MGM Resorts International CEO Bill Hornbuckle has admitted there is still “work to do” on the BetMGM product to maintain its continued US igaming market leadership.
Speaking as part of MGM’s Q1 2023 financial results call, Hornbuckle extoled the BetMGM joint venture business’ progress since its inception, confirming it was on track to hit its 2023 revenue target of between $1.8bn to $2bn.
“We’re very excited about what’s been created, obviously, to think that after this amount of time we could have a $2bn top-line business this year, which is showing all signs of profitability, is exciting for us,” Hornbuckle said.
“We have tens of thousands of customers that are driving, on an omnichannel basis, over $100m per year back and forth. And so that part of the business is starting to click in and starting to work,” the MGM CEO added.
BetMGM has maintained a degree of dominance over the US igaming market over recent years, ahead of rivals DraftKings and FanDuel that have led the way in sportsbook, however, BetMGM’s igaming market share recently dropped from 29% to 28% during Q1 2023.
While alarm bells are not sounding at the firm’s HQ, Hornbuckle acknowledged that the competition had upped its game and BetMGM needed to respond.
“We have work to do on product. We need single wallet, single account to be really effective in places like Maryland, places like New Jersey, Pennsylvania, and New York,” he said.
“We’ve got some work to do on the sports product. Obviously, we’re market-leading in igaming at 28% share and so no one even comes close to that, but we’re mindful that other operators are trying.
“We’re very focused on it. I’m not going to predict where we will go with all of this, but I think we’re in great shape. We’ve got another couple of years to mature this business and see where it ends up and then we’ll take it from there,” the CEO added.
Addressing the drive towards being a profitable business by the second half of 2023, Hornbuckle was questioned by analysts about the impact of traditional seasonality on this goal, particularly so given BetMGM’s skew towards igaming over sports betting.
“The second quarter last year for us showed a little bit of profit but, in the third quarter, like everyone else, we bumped up due to football.
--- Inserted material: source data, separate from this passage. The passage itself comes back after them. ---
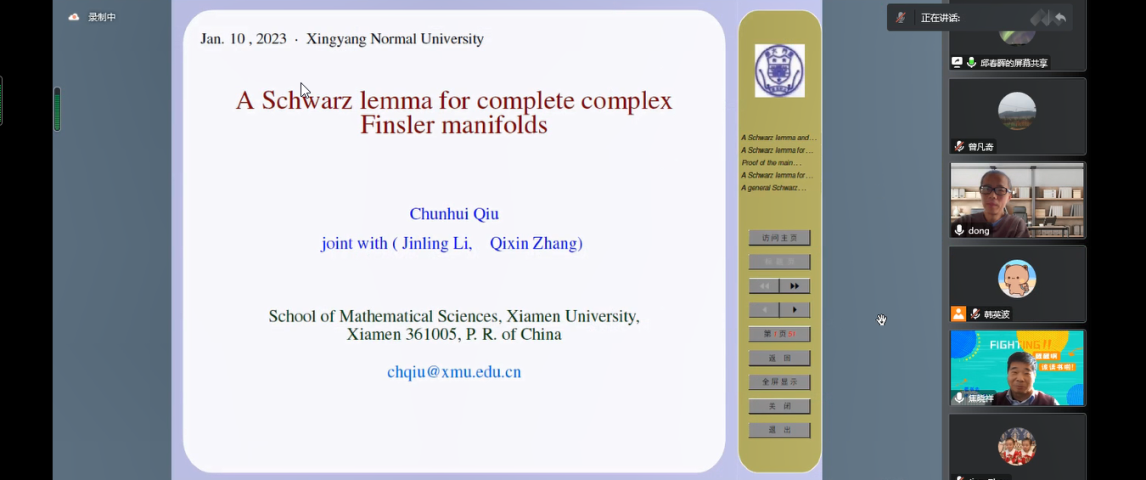 第2场报告由厦门大学邱春晖教授报告,题目为《A Schwarz lemma for complete complex Finsler manifolds》。在报告中,邱春晖教授讨论了完备的复 Finsler流形上的一个广义Schwarz 引理及其证明。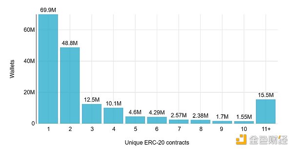 6990万个钱包坚持使用单个代币,这可能表明用户倾向于以下情况:
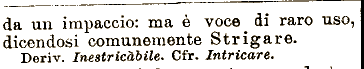 č voce di raro uso, dicendosi da un impaccio: ma comunemente Strigare. Deriv. Inestricābile. Cfr. Intricare.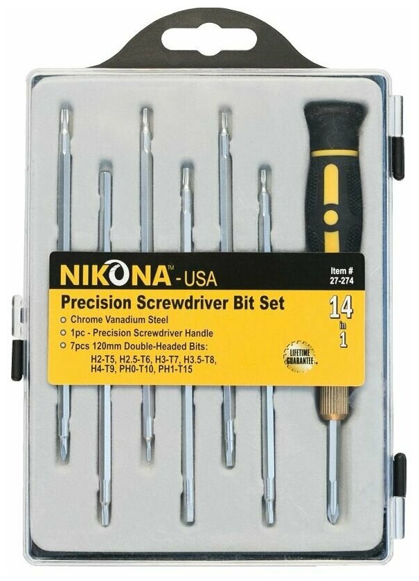 Ниже Вы можете прочитать отзывы на Отвертка для точных работ NIKONA со сменными стержнями (14-в-1) 27-274, ознакомится с подробными характеристиками, посмотреть интересные обзоры и фотографии на Отвертка для точных работ NIKONA со сменными стержнями (14-в-1) 27-274.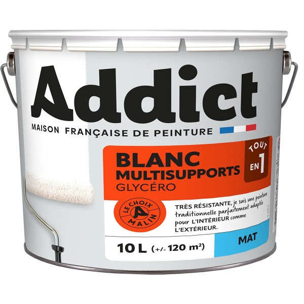 | Conseils | Se conformer au DTU 59. 1. Préparation - Les supports seront propres et sains, les anciennes peintures convenablement lessivées, et les parties métalliques protégées par une couche de primaire anti-rouille. APPLICATION - Bien mélanger avant application. Sur fonds cohérents préalablement imprimés, appliquer 2 couches de ADDICT Laque Glycéro Satinée sans dilution. Ne pas appliquer par température inférieure à 5°C ou supérieure à 30°C. |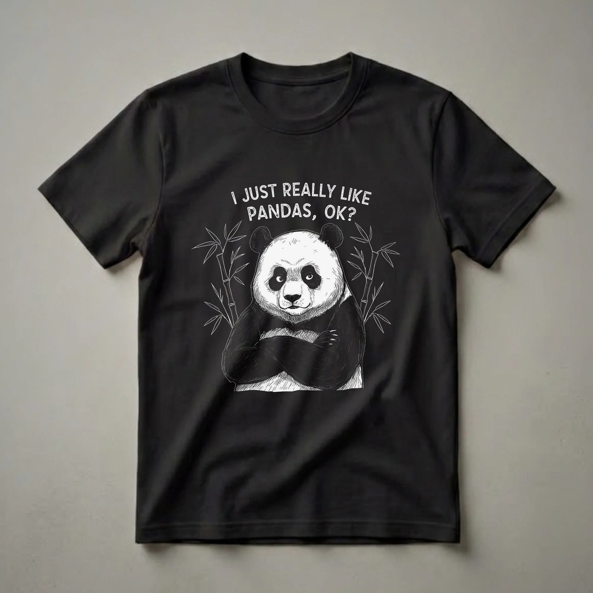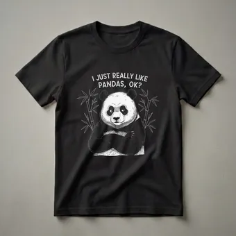 Panda enthusiasts who appreciate a touch of humor will reach for this eye-catching graphic tee. The design features a hand-drawn illustration of a giant panda with its arms crossed, exuding a confident, slightly sassy demeanor. Above the panda, the text reads, "I JUST REALLY LIKE PANDAS, OK?" in a distressed, white font. Flanking the panda are stylized bamboo stalks, a nod to their primary food source. Giant pandas, native to China, are known for their distinctive black and white markings and their diet consisting almost exclusively of bamboo. This t-shirt is a fun way for anyone to express their adoration for these beloved bears. It makes a thoughtful gift for friends or family members who can't get enough of pandas, whether they're celebrating a birthday or just want to add a playful piece to their wardrobe. Wear this shirt to casual outings, game nights, or just lounging around the house to showcase your unique sense of humor and your passion for pandas.

There is always a big promotional push at the beginning of football season, and I don’t suspect that will change much,” Hornbuckle explained.
“Obviously, there are a few players, but we’ve all become a lot more disciplined.
“I think it will be a little lumpy, but I think the bottom line will be going in to the second half of the year; we’re going to show profitability in totality and, obviously, igaming for us is a key thing, recognizing it’s in six states, of which three are meaningful for us,” he concluded.
MGM reported an increase in its consolidated revenue of 36% year on year (YOY) during Q1 2023 to $3.9bn, thanks in part to the inclusion of figures from The Cosmopolitan casino and offset by the disposal of The Mirage hotel businesses in December 2022 as well as the Gold Strike Tunica business in February 2023.
Operating income amounted to $731m in Q1 2023 compared to just $106m in Q1 2022, with figures buoyed by a $398m gain on the disposal of the Gold Strike Tunica business and increased rental payments on leases relating to the VICI Properties’ and The Cosmopolitan leases.
MGM’s share of BetMGM’s operational losses amounted to $82m during Q1, the firm’s highest expected loss of the year, due in part to a traditionally heavy customer acquisition period surrounding Super Bowl LVII and the NCAA’s March Madness college basketball tournament.